The closest humans got to immortality was the ignorance of youth, but death was always hovering nearby, even for the young. At some point our lives would end. We’d wake up one day and not go to sleep that night. We might have had warning, or it might be sudden, but from the moment we became aware of ourselves we became aware of our impending deaths.
My coworkers? Up until recently, they had been born knowing that as long as they walked the line, they could go on forever.
So yeah, I was a transfer, but that was one area where I had the edge. I had experience with mortality.
I stood, acting calmer than I thought would’ve been possible a few moments ago. I wiped my hands against the back of my pants. “Let’s get out of here.”
Chapter Sixteen
A blaring horn rang out and I saw a SUV sitting in Fate’s driveway. It looked like the misfit child of a monster truck and a minivan. If I hadn’t watched him get out of the driver’s seat to load a bag into the back, I never would’ve believed Fate would drive something like that.

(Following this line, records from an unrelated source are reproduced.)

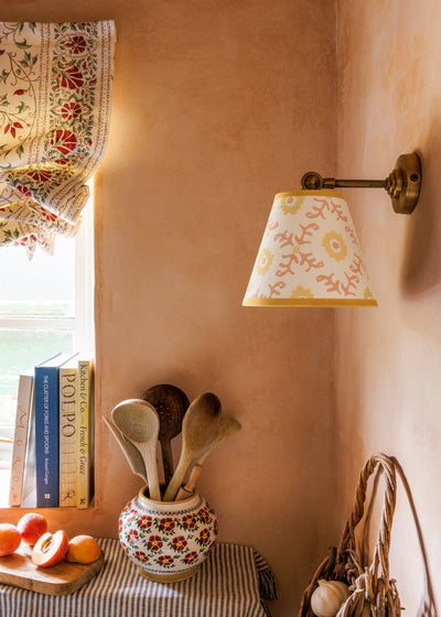 The Folk Flower lampshade is crafted using the wallpaper of the same name. The wallpaper is printed in England using a traditional technique to give the textured feel of a hand-blocked design. Due to the nature of the printing process, there may be slight variations in the pattern. British decorative artist Tess Newall’s collection of wallcoverings and homewares draws inspiration from her hand-painted murals and from her personal collection of antique textiles and prints.
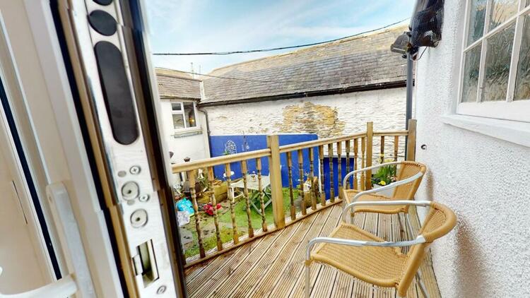 Access to cellars, retail room two, double glazed French doors opening into a small and raised decked patio to rear, fitted cabinet with wash basin and Triton electric shower, enclosed cupboard, woodgrain effect floor finish, panelled radiator.
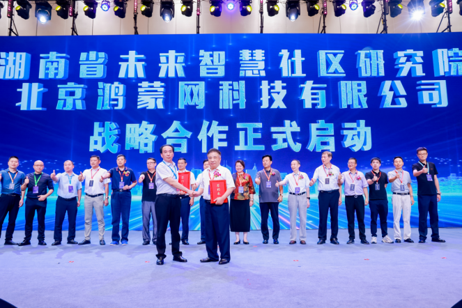 在此次论坛上,与会领导、嘉宾、现场以及直播间的参会代表共同见证湖南省未来智慧社区研究院与北京鸿蒙网科技有限公司战略合作正式启动,合作双方将发挥各自资源优势,共同推进湖南省智慧社区(乡村)实验室示范项目建设,在一年的时间内,打造五到八个“政府满意、居民乐意、企业愿意"智慧社区平台示范点。
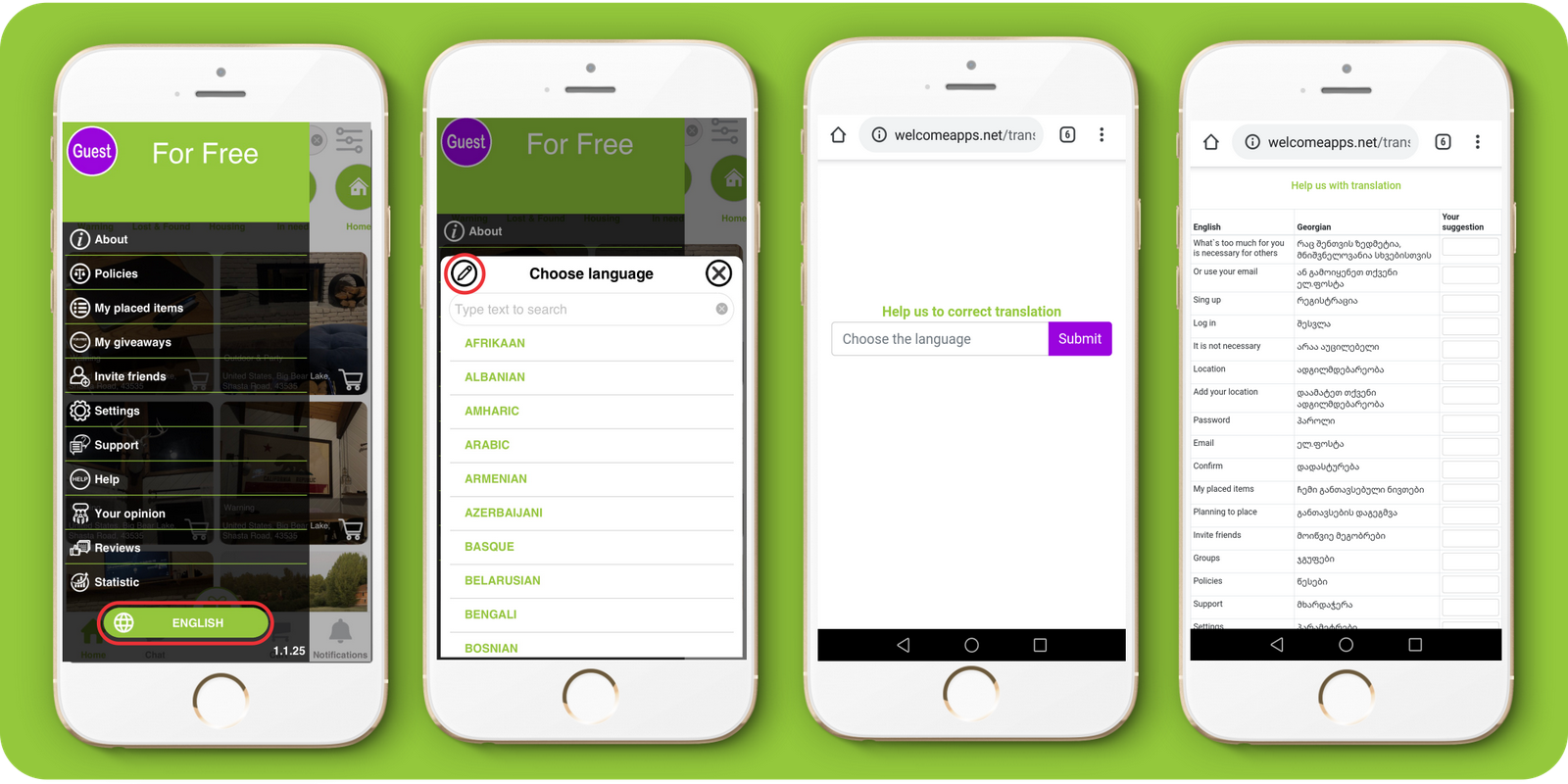 If you come across an incorrectly translated word in your language, you can help us and send us the correctly translated version.
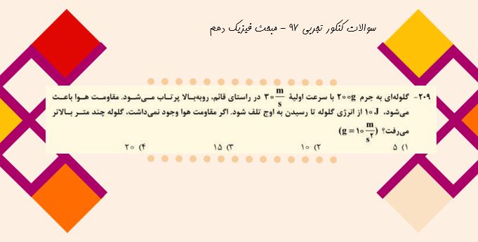 یازدهمی ها!فایل زیر سوالات کنکور تجربی 97 از کتاب فیزیک دهم است که شما همین الان قادر به پاسخ دادن به آن هستید! نمونه یکی از سوالات را در عکس زیر مشاهده می کنید! فایل سوالات را می توانید از طریق فایل موجود در ضمیمه دانلود نمایید.
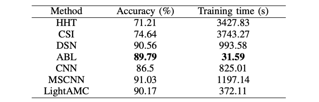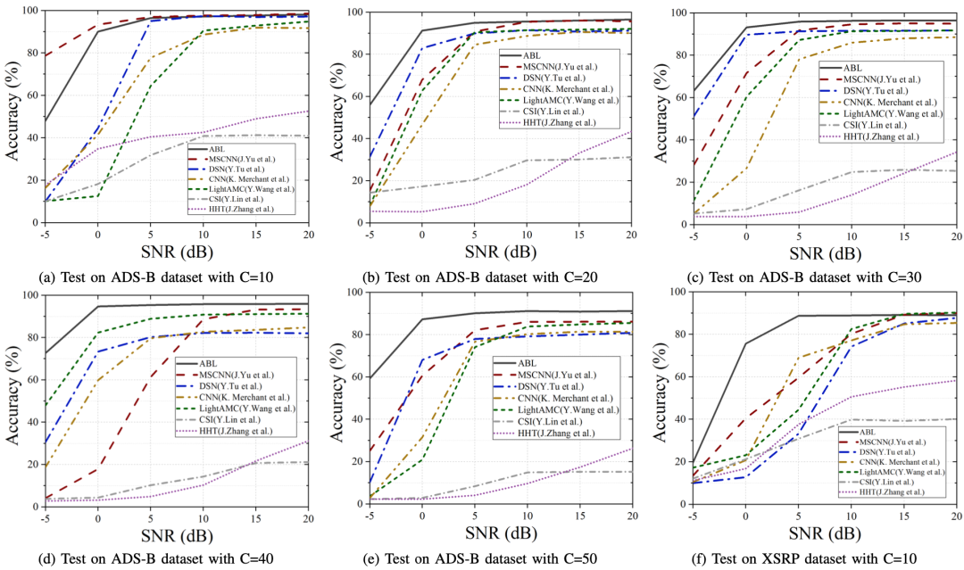 本方案将提出的ABL方法的性能与其他四种最先进的基于深度学习的SEI方法进行了比较,分别为轻量级自动调制分类(Lightweight Automatic Modulation Classification, LightAMC)、深度信号网络(Deep Signal Network, DSN)、多采样卷积神经网络(Multi-Sampling Convolutional Neural Network, MSCNN)和卷积神经网络(Convolutional Neural Network, CNN)。此外,选取了两种基于手动特征提取的SEI方法,即希尔伯特黄变换 (Hilbert–Huang Transform, HHT)和等势星座图(Contour Stella Image, CSI)用作对比方法以进一步验证本方案方法的优越性。
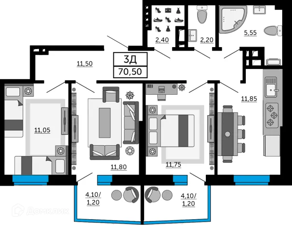 3 комн. квартира в Ростове-на-Дону в ипотеку от 70 569 руб/месяц

He was closing the back hatch, looking all sorts of rustic yumminess in his black boots and rugged gear, when I approached.
He sized up my outfit as well and found it lacking. “What’s wrong with a sundress? You said we were going for a ride into the country?”
“On a gun run?”
“I’m sorry, but the boutique didn’t have any army-girl-fabulous in stock.” I walked around the ride he’d supplied. “Talking about style, where did you get this fine automobile?” I asked patting the camouflage paint job.